Sometimes, though, the stars line up perfectly and selling your house to a family member just makes the right kind of sense. Maybe it’s an old home that has sentimental value, or maybe you just want to give a leg up to a younger relative.
Regardless, having a buyer for your house already lined up keeps your home off Zillow and puts you in a great position.
1. Agree on a price, but stay flexible
In a standard real estate transaction, the buyer and seller are on opposing teams. They both want to come out on top—or at least with most of their demands met. When your buyer is a friend or family member, though, you don’t have the luxury of thinking like that.
If both parties value the relationship, it’s a smart idea to get everything in writing and have both an inspection and an appraisal done fairly early into the process, preferably as soon as the buyer gets pre-approved by their lender and knows their spending limit.
An inspection protects the buyer from ending up with a lemon. It’s generally one of several contingencies put in place with the initial sale contract, but when the seller and buyer are friendly, it’s an easy thing to skip, potentially at the cost of hurt feelings.
An appraisal, meanwhile, will be required by the buyer’s lender to make sure the home is worth more than the loan amount. Sometimes, the numbers come in higher or lower than expected, especially if a realtor with knowledge of the market wasn’t involved in the pricing, as is common with sales to relatives.
Though the result doesn’t always have an impact on the sale, it would be wise for both parties to be flexible once the results come in.
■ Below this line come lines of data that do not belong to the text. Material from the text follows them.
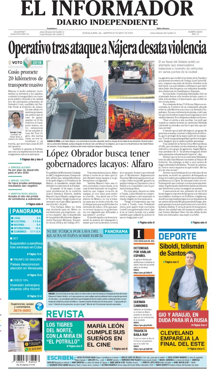 Los primeros cinco meses de 2021 han estado marcados por una serie de hechos violentos que han perturbado la seguridad entre los ciudadanos de Jalisco. Por ejemplo, el asesinato de los hermanos González Moreno, la balacera desatada afuera de un restaurante ubicado sobre una de las zonas de más alta plusvalía en la Zona Metropolitana de Guadalajara y hasta un multihomicidio registrado en la Colonia La Jauja.Pero no son los únicos casos. Jalisco también ha sido testigo de una serie de atentados en contra del sistema de videovigilancia C5, e incluso los delincuentes lograron asesinar a un líder del crimen organizado, cuyo cadáver fue exhibido durante horas en pleno Centro de Tlaquepaque, considerado un Pueblo Mágico para atracción al turismo.De acuerdo con las cifras más recientes del Secretariado Ejecutivo del Sistema Nacional de Seguridad Pública (SESNSP), entre enero y abril de 2021 se han registrado 882 víctimas de homicidio doloso, lo que se traduce en un promedio de 15 cada dos días, o bien, un asesinato cada tres horas y media. Sin embargo, si se cuentan los hechos registrados desde enero de 2018 suman ocho mil 587 víctimas de este delito en la Entidad. El promedio se mantiene desde entonces.La crisis de violencia ha sido adjudicada a una disputa entre miembros rivales de la delincuencia organizada y el gobernador de Jalisco ha exigido al Gobierno federal que asuma su responsabilidad al respecto. Éste último tomó la decisión de aumentar la cantidad de agentes federales en el Estado, pero pese a ello los hechos violentos no paran.Tres estudiantes de cine que realizaban una tarea escolar en el municipio de Tonalá fueron abordados por miembros del crimen organizado y privados de su libertad. Sus compañeros realizaron una manifestación días después para exigir el regreso de los alumnos Salomón, Marco y Daniel. La Fiscalía informó en su momento que los homicidas disolvieron a los jóvenes y sus cuerpos no han sido localizados.El entonces titular de la Secretaría del Trabajo, y ex fiscal general del Estado, Luis Carlos Nájera, fue víctima de un atentado mientras comía en un restaurante del Corredor Chapultepec. El funcionario reaccionó y logró escapar gracias a sus escoltas, aunque con una herida en la mano. Tras el atentado, los delincuentes incendiaron camiones y en uno de ellos murió un bebé. Su madre, quien iba con él, falleció meses después. El funcionario renunció para evitar más riesgos a la población.Más de 150 cadáveres sin identificar eran trasladados en un contenedor frigorífico en un tráiler por toda la ciudad. Los vecinos de los puntos en donde éste se estacionaba fueron quienes reportaron los olores de descomposición de la unidad. Una semana después de detectarlos, el gobernador Aristóteles Sandoval despidió al titular del Instituto Jalisciense de Ciencias Forenses (IJCF), y eventualmente sucedió lo mismo con el fiscal. Prometió que no volvería a ocurrir un hecho así.A plena luz del día, y pese a que tenía una orden de protección, Vanesa Gaytán Ochoa fue asesinada a manos de su esposo, Irwin Emanuel Ramírez Barajas. El agresor cometió el delito justo afuera de Casa Jalisco: la residencia oficial del gobernador, y en presencia de guardias. El hombre fue abatido, pero antes hirió de muerte a Vanesa. Ella se acercó a solicitar ayuda al saberse perseguida.Un grupo armado forzó su ingreso a una vivienda en la Colonia Villas de la Hacienda, en Tlajomulco de Zúñiga, e intentó llevarse a un hombre. Uno de los transgresores disparó un arma y el proyectil hirió a una niña de tres años, quien murió cuando recibía atención médica.El padre fue localizado con vida el mismo día en un inmueble de la Colonia El Paraíso, junto con otro grupo de personas al que también tenían cautivo.Dos integrantes de la Fiscalía del Estado fueron asesinados en una serie de ataques coordinados que tuvieron lugar en Zapopan y Tlajomulco de Zúñiga al mismo tiempo.En Jardines del Edén asesinaron a un agente y posteriormente ocurrió un fuerte enfrentamiento en donde participaron cientos de elementos de seguridad.En Villas de San Martín asesinaron a otro y murió un civil ajeno a los hechos.La ejecución de un líder del cártel local, quien comía en un restaurante ubicado en la plaza comercial de las avenidas Vallarta y Rafael Sanzio, derivó en una balacera contra los escoltas de la esposa del gobernador de Nayarit, quien también estaba allí.Martín Arzola, identificado como cabecilla del grupo, se encontró con un rival y ambos se atacaron, pero los dos fueron abatidos por los escoltas. Seis personas resultaron lesionadas.Dos vecinos de la Colonia Jardines de los Belenes, en Zapopan, murieron al tratar de impedir que unos empistolados se llevaran una camioneta durante un atraco. El hecho se consumó, pero el vehículo, en cuyo interior dormían dos niñas de dos años, fue abandonado. El padre de las niñas murió un día después. La otra víctima fue un vecino que sabía que las menores estaban en el auto.Mientras departía en un restaurante en Puerto Vallarta, y al dirigirse al baño, el ex gobernador de Jalisco, Aristóteles Sandoval, fue asesinado al ser atacado a balazos por la espalda. “Lo que acabamos de vivir no sólo es un homicidio, es un desafío para el Estado mexicano”, destacó el actual mandatario. Los empleados del bar en donde ocurrió el homicidio fueron detenidos, pues manipularon la escena del crimen, pero después quedaron en libertad.Una balacera se desató a plena luz del día en un restaurante ubicado en la Avenida Real Acueducto, en una de las zonas de mayor plusvalía en la Zona Metropolitana de Guadalajara. Entre 10 y 15 hombres armados se llevaron a un comensal. Los videos de la balacera fueron captados por ciudadanos desde distintos ángulos. Hasta el momento se desconoce la identidad de la persona que se llevaron.Un grupo armado disparó en contra de 11 personas que bebían alcohol en la banqu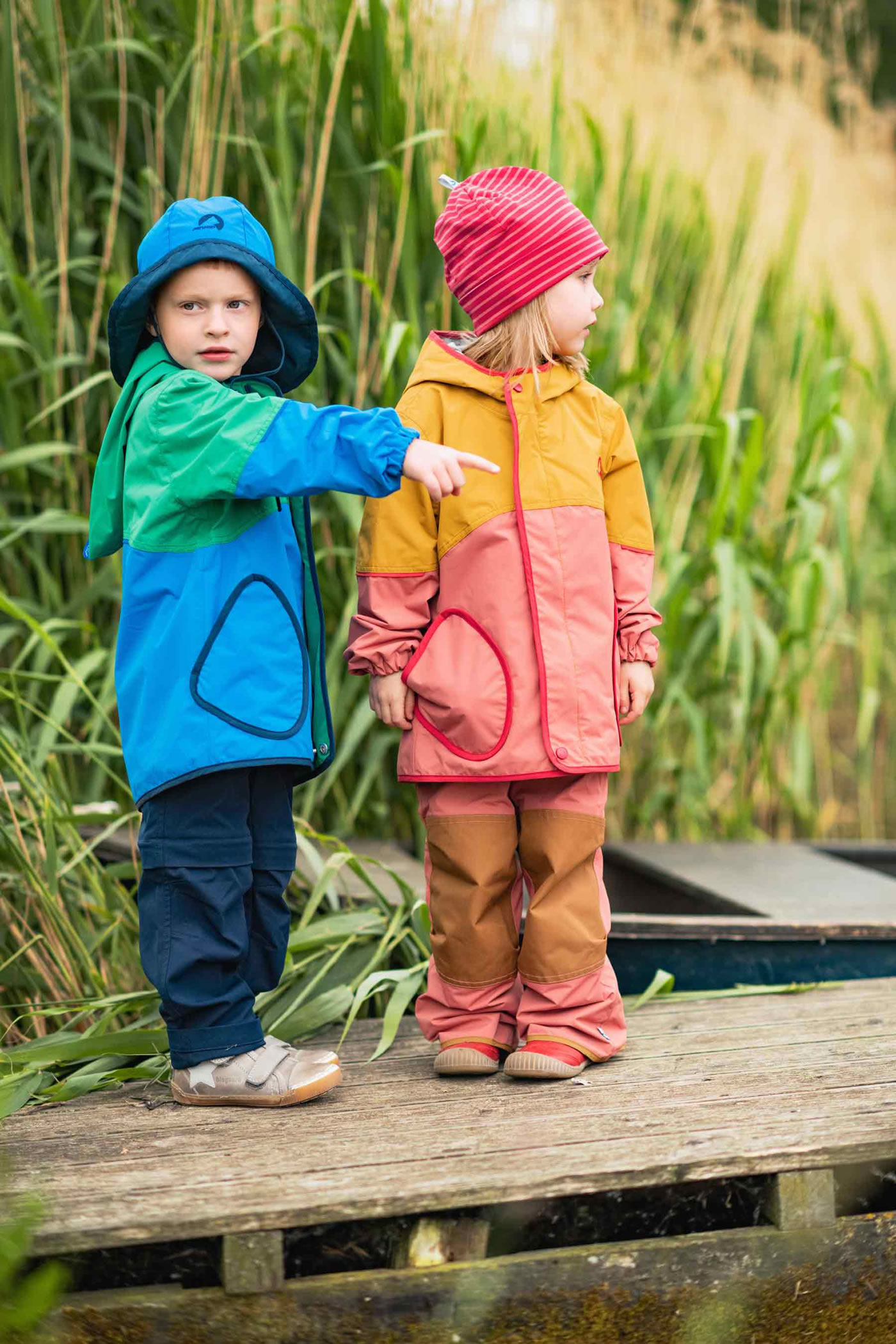Bei jedem Wetter gut ausgerüstet mit der Übergangsjacke AARRE von FINKID. Ist es kalt und nass hält die Jacke Schmutz und Regen ab und bietet eine wärmende Schicht in kühleren Stunden. Kommt die Sonne raus bleibt das atmungsaktive Material trotzdem angenehm zu tragen. Große Taschen auf der Vorderseite bieten viel Platz für die wichtigsten Dinge. Von innen ist die wasserdichte Jacke mit einem weichen Baumwollfutter versehen.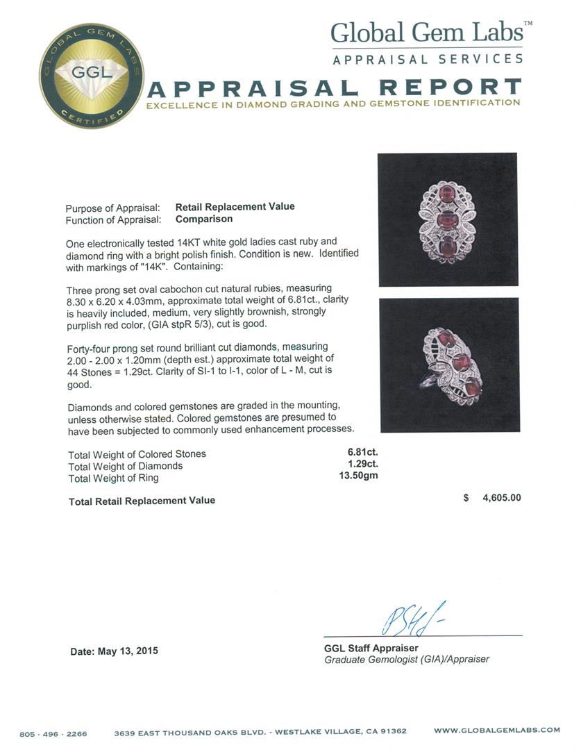 One electronically tested 14KT white gold ladies cast ruby and diamond ring with a bright polish finish. Identified with markings of "14K". Condition is new. Containing: Three prong set oval cabochon cut natural rubies, measuring 8.30 x 6.20 x 4.03mm, approximate total weight of 6.81ct., clarity is heavily included, medium, very slightly brownish, strongly purplish red color, (GIA stpR 5/3), cut is good. Forty-Four prong set round brilliant cut diamonds, measuring 2.00 - 2.00 x 1.20mm (depth est.) approximate total weight of 44 Stones = 1.29ct. Clarity: SI-1 to I-1. Color: L - M, Cut is Good. Diamonds and colored gemstones are graded in the mounting, unless otherwise stated. Colored gemstones are presumed to have been subjected to commonly used enhancement processes. Total Weight of Colored Stones 6.81ct. Total Weight of Diamonds 1.29ct. Total Weight of Ring 13.50 grams. GGL Appraised at $4,605.00.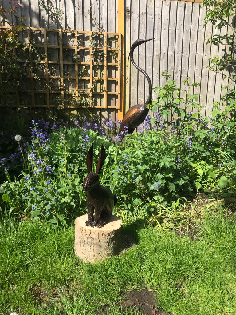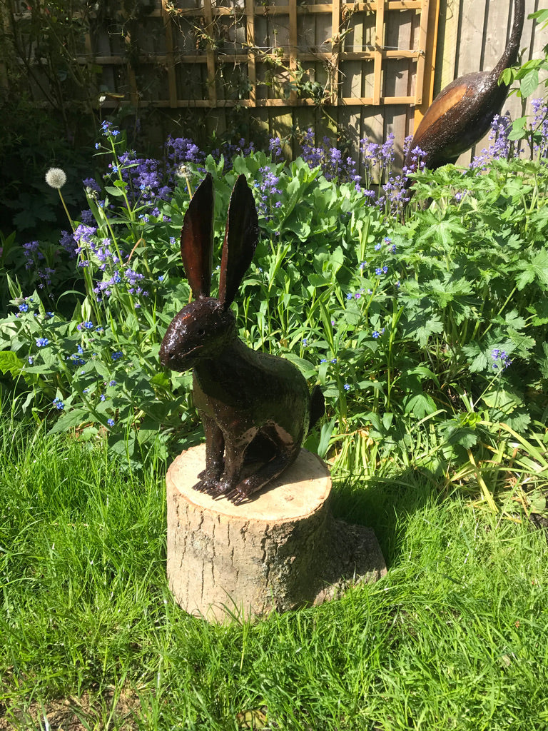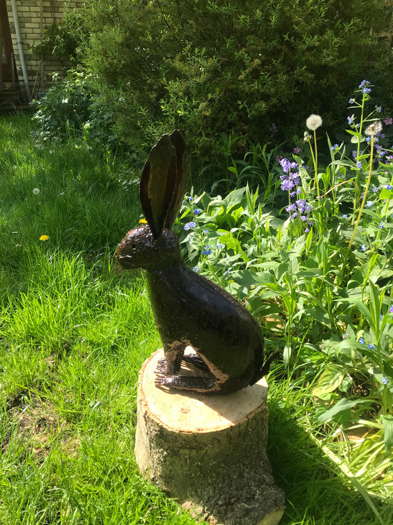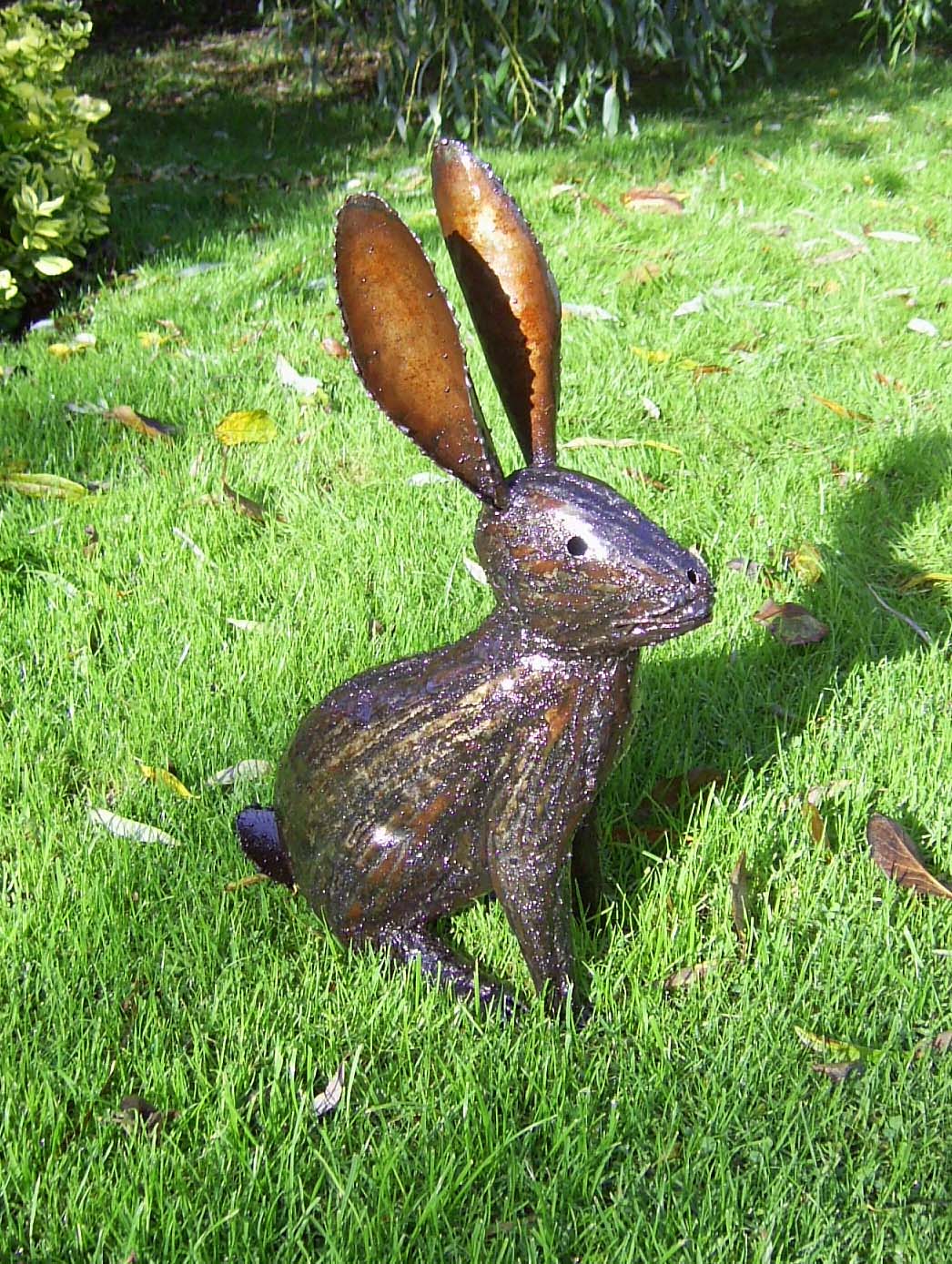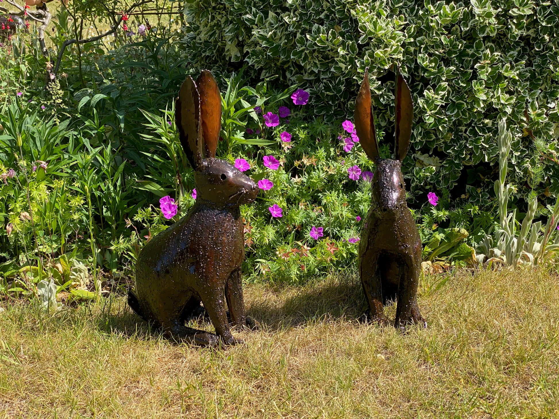 Made of recycled metal, this cheeky sitting rabbit is wonderfully realistic - you might have to look twice to check it's not real!

Otherwise, things may get tense.
2. Selling your home to family below market value can get tricky
In some situations, the seller might want this transaction to look less like a sale and more like a gift. This can be more complicated than it seems, though.
Sell the home more than 25% below market value, and it’s likely the buyer will get hit with a gift tax courtesy of Uncle Sam. There are a few alternative options, though:
- Sell the home at only a slight loss, but give the relative the maximum allowable tax-free gift ($13,000) each year until the agreed upon amount is reached.
- File a quitclaim deed to add the buyer’s name to the title. These are the simplest way to transfer property, but they’re generally not used when money is exchanging hands. If the seller still does want to be paid, the buyer will have to take out a home equity loan to pay the seller.
- Go the seller financing route. This option cuts out the lender entirely and puts the seller in their stead. While it can mean excellent rates and terms for the buyer,
3. Stay on the IRS’ good side
The IRS likes to keep a close eye on transactions that take place between relatives, and for good reason. When the buyer and the seller are on the same side, it’s a lot more likely for funny business to go down. That funny business often takes the shape of fake tax deductible losses or fake short sales.
As far as the IRS is concerned, you can sell your property at a loss to a family member all you want, but you can’t take a deduction on the loss, and you can’t sell the property for less than you owe to the bank.
For some helpful examples, this is a good resource.
4. Swap your realtor for a lawyer
While you can probably skip the realtor, a qualified real estate attorney is going to be your best friend if you’re planning on selling a house to a family member. A lawyer will be able to fill in the gaps in the process that a realtor would generally have helped fill for you, like getting the right paperwork and lining up the title search and transfer.
They’ll also have a much clearer idea of your options and be able to make recommendations with your goals in mind.